The ACLU believes that schools should be safe for everyone, but we object to the response from the Governor and many school officials. For individuals to react emotionally to this horrible incident is appropriate and expected, but public officials must react in well-reasoned and measured ways that seek both to address the problem effectively and that honor our constitutional rights. In Virginia, neither of these principles is being served.
First, the response infringes on a host of individual rights -- free expression, due process, and privacy, to name a few. Think of the contradictory lessons the schools teach young people when they say on one hand that everyone deserves the full protection of the Constitution while on the other hand they suspend students on the basis of an irrational fear of an imagined problem. The frightful picture of government as oppressive, prejudiced and arbitrary is made complete.

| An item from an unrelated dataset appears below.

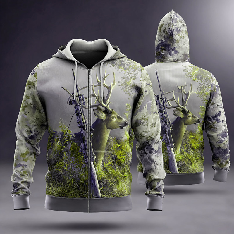 Men's Camo Deer Hoodie Jacket Sweatshirt Fashion Daily Long Sleeve Hooded Vacation Hunting Brown Green Gray Drawstring Zipper Fall Winter Designer S M L XL XXL XXXL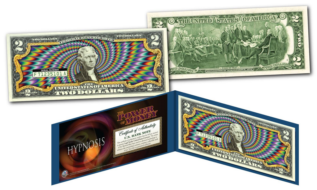 This Original HYPNOSIS The Power of Money Color uncirculated $2 Bill is Genuine Authentic Legal Tender of the United States, which has been enhanced with beautiful colorized images. The full colorized images are accomplished through a revolutionary new authentic & genuine colorization process pioneered by The Merrick Mint, creating a collectible work of art. Each bill comes displayed in a blue folio with a Certificate of Authenticity to guarantee that your bills are authentic and recognized by every monetary authority around the world, therefore assuring its Collector Edition status. Each $2 Bill is in FRESH, CRISP, UNCIRCULATED condition, and was directly removed from untouched wrapped Federal Reserve sealed packs. Former U.S. President Thomas Jefferson is featured on the obverse of the note, along with the special colorization overlay. The Signing of the Declaration of Independence by John Trumbull is featured on the reverse. It is the only U.S. Currency note that features two Presidents, John Adams and Thomas Jefferson, and it is one of the most rarely seen BILLS in circulation and actual use.

Second, the reaction is unresponsive to the problem. There is absolutely no relationship between attire and violence, and off the cuff remarks are completely unreliable predictors of future violence. If we suspended every student who says to a friend, "I'd like to shoot my math teacher," our public schools would be practically empty.
The problems are much deeper than attire and casual, if inappropriate, language, and such superficial solutions only divert us from dealing with the real causes
Before Littleton, Virginia schools were already overreacting. Under the policy of Zero Tolerance students have been punished severely for minor infractions of the rules, such as taking a single Advil to school. But Virginia has now moved from Zero Tolerance to Sub-Zero Tolerance. Zero Tolerance meant that no mercy would be shown for any rule-breaking of any kind. Sub-Zero Tolerance means that students can be punished even when the rules are not broken.
The scars from such irrational behavior by public officials are likely to run deep and last long, spawning in our young people a new cynicism towards government that makes the post-Watergate generation look naïve.